Cassan Guilhem, Van Steenvoort Milan
University of Namur, CEPR, DEFIPP, CRED and CEPREMAP, Rue de Bruxelles 61, 5000, Namur, Belgium.
Maastricht University Tongersestraat 53, 6211LM, Maastricht, Netherlands.
SSM Popul Health. 2021 Dec;16:100912. doi: 10.1016/j.ssmph.2021.100912. Epub 2021 Sep 14.

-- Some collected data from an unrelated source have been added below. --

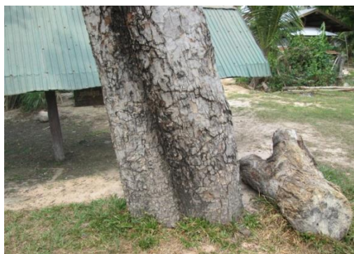
ภาพที่ ๘ โคนต้น เปลือกแตก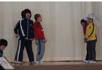
2年生「やさしいおふだ」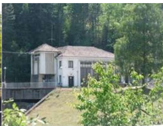
ВЕЦ "Хр. Смирненски"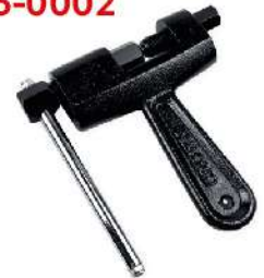
Extractor de pines de cadenas cortador de cadenas 766-0002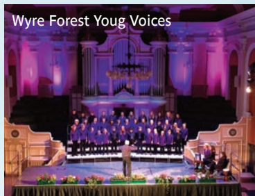
Wyre Forest Young Voices

Inscriptions indispensables à l'office de Tourisme - Gratuit - Nombre de places limité à 25 - Tél. : 02 31 97 30 41.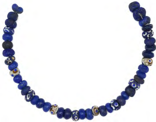
Collier de perles en verre 480-320 av. J.-C. Fessy, « chez Viret », tombe à crémation Coll. musée du Chablais – Ville de Thonon-les-Bains, inv. 2010.0.93, 2010.0.98

Le Chablais se distingue par la pratique concomitante de la crémation et de l'inhumation au V e siècle puis de l'inhumation seule aux IV e et III e siècles av. J.-C. Les défunts sont inhumés habillés, avec des accessoires vestimentaires (fibules, épingles, anneaux et agrafes de ceinture), des parures (bracelets, bagues, perles de verre). Les tombes masculines peuvent contenir une panoplie d'armements : fer de lance, épée et son fourreau avec les anneaux de suspension du baudrier. La tombe du guerrier de Vereître est évoquée au centre de l'espace d'exposition du musée.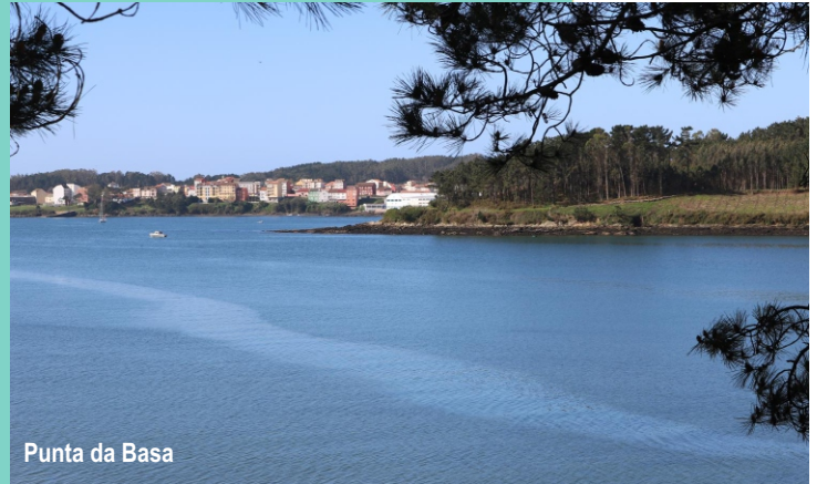
Punta da Basa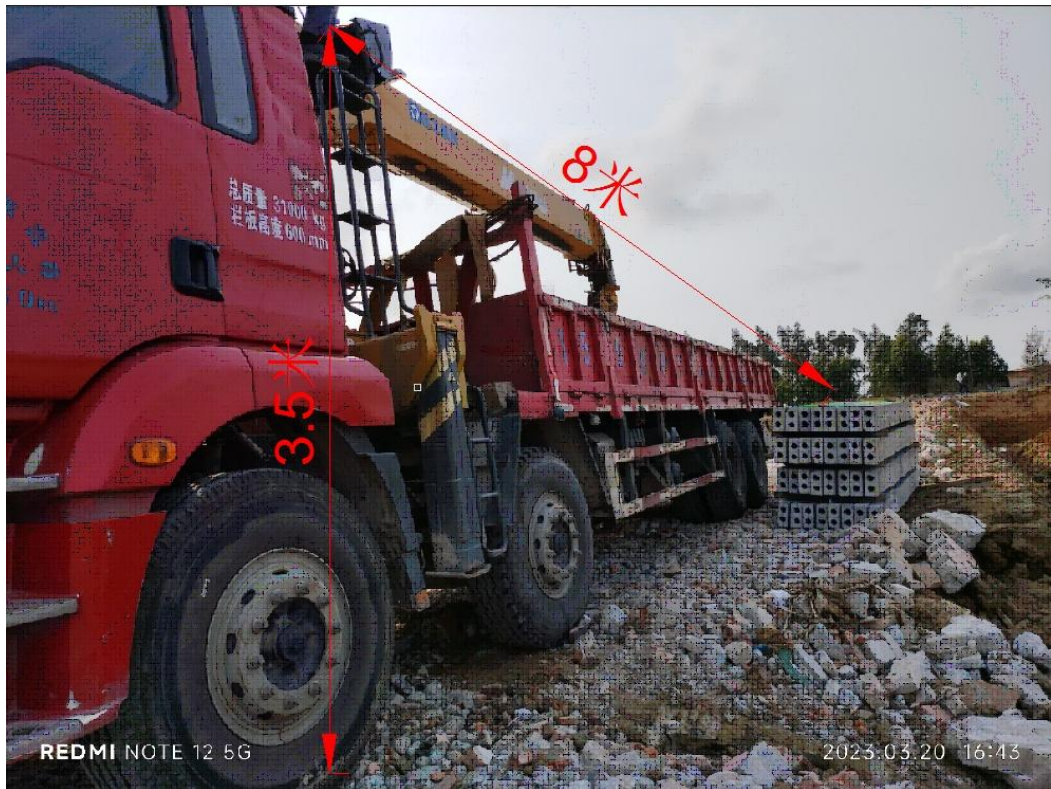
图 6 起重机操作台状况

5. 随车起重机操作台离地高度为 3.5 米，距事发点直线距离为 8 米，如图 6 所示。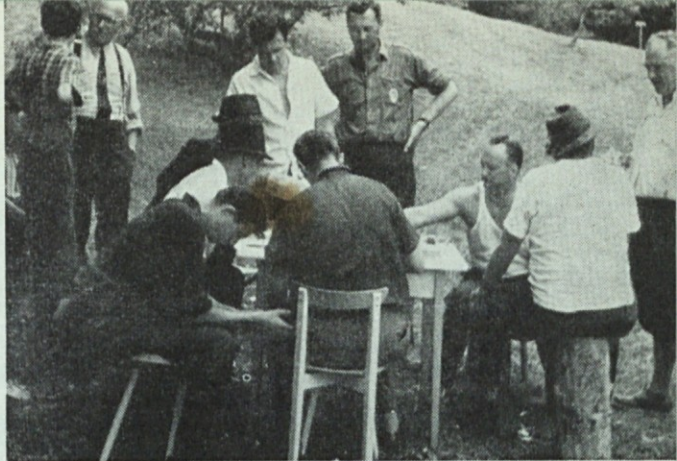
Komisija pri delu

jaško puško, malokalibrsko puško in z zračno puško. Tekmovanje je bilo po zaslugi organizatorja odlično pripravljeno in je brezhibno potekalo. Tokrat je družina vzela tekmovanje zelo resno in zato je bilo doseženih nekaj odličnih rezultatov:

The difference in COVID 19 death rates across political regimes has caught a lot of attention. The "" view suggests that autocracies may be more efficient at putting in place policies that contain COVID 19 spread. On the other hand, the "" view underlines that autocracies may be under reporting their COVID 19 data. We use fixed effect panel regression methods to discriminate between the two sides of the debate. Our results present a more nuanced picture: once pre-determined characteristics of countries are accounted for, COVID 19 death rates equalize across political regimes during the first months of the pandemic, but remain largely different a year into the pandemic. This emphasizes that early differences across political regimes were mainly due to omitted variable bias, whereas later differences are likely due to data manipulation by autocracies. A year into the pandemic, we estimate that this data manipulation may have hidden approximately 400,000 deaths worldwide.
不同政治体制下新冠疫情死亡率的差异引起了广泛关注。一种观点认为,专制政权在实施控制新冠疫情传播的政策方面可能更有效率。另一方面,另一种观点强调,专制政权可能少报了其新冠疫情数据。我们使用固定效应面板回归方法来区分这场辩论的双方观点。我们的结果呈现出一幅更为细致入微的图景:一旦考虑到各国预先确定的特征,在疫情的头几个月里,不同政治体制下的新冠疫情死亡率趋于相等,但在疫情爆发一年后仍存在很大差异。这表明,不同政治体制早期的差异主要是由于遗漏变量偏差,而后期的差异可能是由于专制政权的数据操纵。在疫情爆发一年后,我们估计这种数据操纵可能在全球范围内掩盖了约40万例死亡。